[PATCH] UBUNTU: SAUCE: Bluetooth: Make request workqueue freezable

Fri Jul 28 03:07:32 UTC 2017

Hi Stefan,

The maintainer think this patch is just papering over it, not a real fix.
The maintainer think to fix this issue is to have the USB subsystem
delay the probe() callback if we tell it to,
or just have request_firmware() actually sleep until userspace is ready.
But I think this sauce patch is a tiny and tricky fix that can just fit SRU.

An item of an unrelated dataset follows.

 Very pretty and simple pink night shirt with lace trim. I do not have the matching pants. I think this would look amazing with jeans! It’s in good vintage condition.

Recently, there is a fix introduced in 4.13-rc1 which can fix this issue
   06a45a9 firmware: move umh try locks into the umh code
It's the final commit of a series firmware patches.
Compare to the 2 different fixes, the sauce patch is more convinceable
to me for Xenial.

The machine the patch author has is with broadcom bt chip, and mine is atheros,
I can find some machines with intel, brcm, and ath bt to run the test next week.

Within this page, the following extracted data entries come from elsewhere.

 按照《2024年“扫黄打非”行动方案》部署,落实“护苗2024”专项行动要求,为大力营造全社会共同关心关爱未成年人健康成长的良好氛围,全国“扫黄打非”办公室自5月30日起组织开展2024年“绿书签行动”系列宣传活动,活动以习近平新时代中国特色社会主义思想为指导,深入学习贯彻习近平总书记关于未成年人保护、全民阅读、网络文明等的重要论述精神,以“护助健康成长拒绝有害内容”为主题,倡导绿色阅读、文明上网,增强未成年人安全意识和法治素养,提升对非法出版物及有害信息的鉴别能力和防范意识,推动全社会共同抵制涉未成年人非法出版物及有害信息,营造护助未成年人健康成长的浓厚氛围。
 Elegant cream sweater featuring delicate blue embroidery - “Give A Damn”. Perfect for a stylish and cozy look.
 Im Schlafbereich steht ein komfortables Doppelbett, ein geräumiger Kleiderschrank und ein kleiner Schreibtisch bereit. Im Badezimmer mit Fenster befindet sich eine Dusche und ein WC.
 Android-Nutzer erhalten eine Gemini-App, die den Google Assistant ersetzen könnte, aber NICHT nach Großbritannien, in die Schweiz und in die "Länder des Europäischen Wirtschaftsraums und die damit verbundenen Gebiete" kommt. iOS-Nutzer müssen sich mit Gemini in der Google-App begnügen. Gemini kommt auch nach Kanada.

BTW, The Alan Stern says the 2 fixes that maintainer mentioned won't work, and
the conclusion at that time is to cache the firmware data while the
first successful loading.
<quote>
> > >  I would rather have the USB subsystem delay the probe()
> > > callback if we tell it to.

This is possible.  I am not sure it would be the right thing to do,
though.  What happens if the probe routine gets called early on during
the boot-up procedure, before userspace is up and running?  The same
thing should happen here.

> > >  Of just have request_firmware()
> > > actually sleep until userspace is ready. Seriously, why is
> > > request_firmware not just sleeping for us.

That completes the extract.